Work order: Would you repeat the listing below exactly, with no pictures in it?

Provided material Block Start

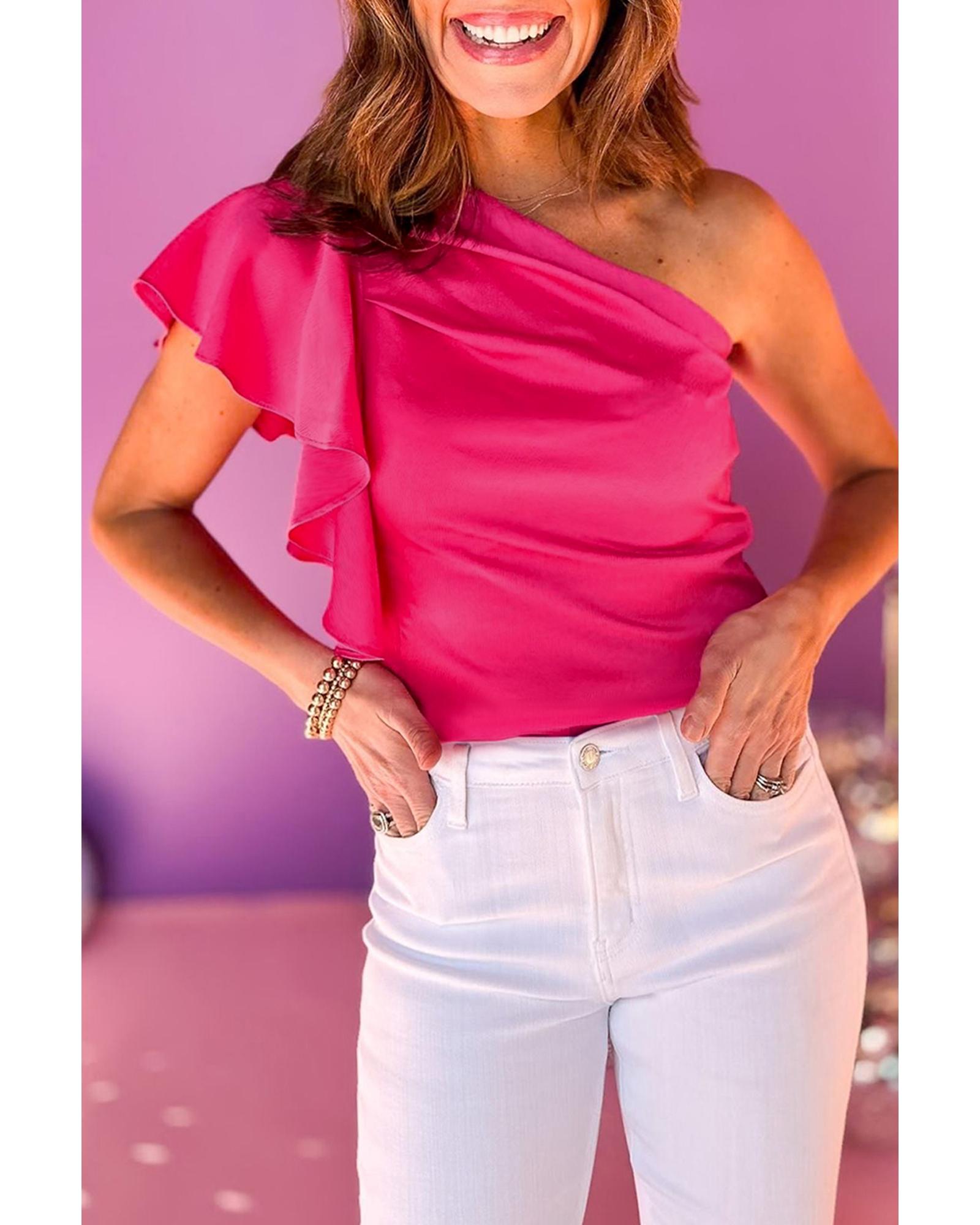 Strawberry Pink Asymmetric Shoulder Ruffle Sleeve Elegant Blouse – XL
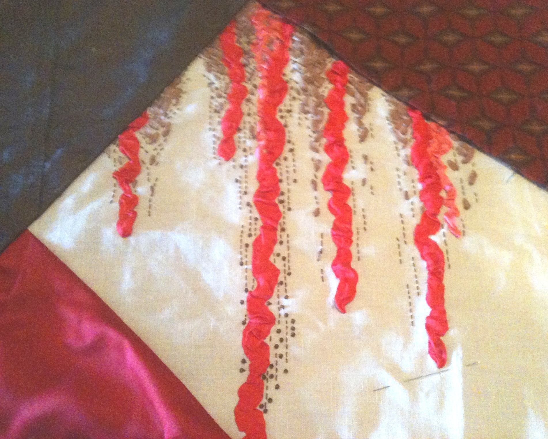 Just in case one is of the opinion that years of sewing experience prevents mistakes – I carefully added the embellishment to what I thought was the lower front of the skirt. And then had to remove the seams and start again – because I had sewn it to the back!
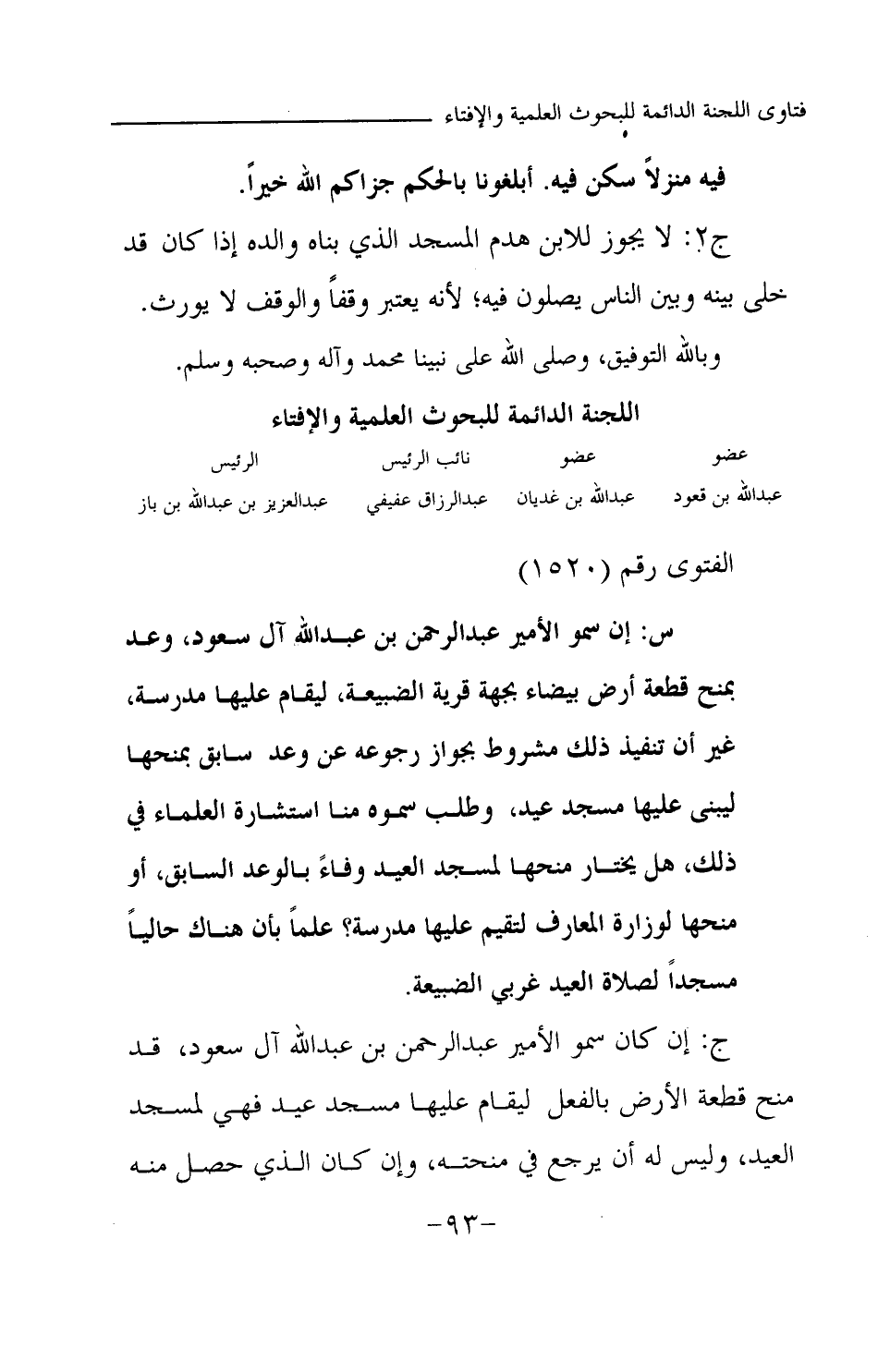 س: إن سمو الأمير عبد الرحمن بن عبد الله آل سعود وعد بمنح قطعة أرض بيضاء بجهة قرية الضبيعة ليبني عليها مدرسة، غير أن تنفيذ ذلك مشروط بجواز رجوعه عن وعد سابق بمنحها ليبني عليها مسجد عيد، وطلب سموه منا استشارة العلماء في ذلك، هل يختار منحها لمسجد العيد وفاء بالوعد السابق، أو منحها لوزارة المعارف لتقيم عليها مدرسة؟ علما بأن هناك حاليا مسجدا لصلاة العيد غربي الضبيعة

Provided material Block End

Task answer:
 Strawberry Pink Asymmetric Shoulder Ruffle Sleeve Elegant Blouse – XL
 Just in case one is of the opinion that years of sewing experience prevents mistakes – I carefully added the embellishment to what I thought was the lower front of the skirt. And then had to remove the seams and start again – because I had sewn it to the back!
 س: إن سمو الأمير عبد الرحمن بن عبد الله آل سعود وعد بمنح قطعة أرض بيضاء بجهة قرية الضبيعة ليبني عليها مدرسة، غير أن تنفيذ ذلك مشروط بجواز رجوعه عن وعد سابق بمنحها ليبني عليها مسجد عيد، وطلب سموه منا استشارة العلماء في ذلك، هل يختار منحها لمسجد العيد وفاء بالوعد السابق، أو منحها لوزارة المعارف لتقيم عليها مدرسة؟ علما بأن هناك حاليا مسجدا لصلاة العيد غربي الضبيعة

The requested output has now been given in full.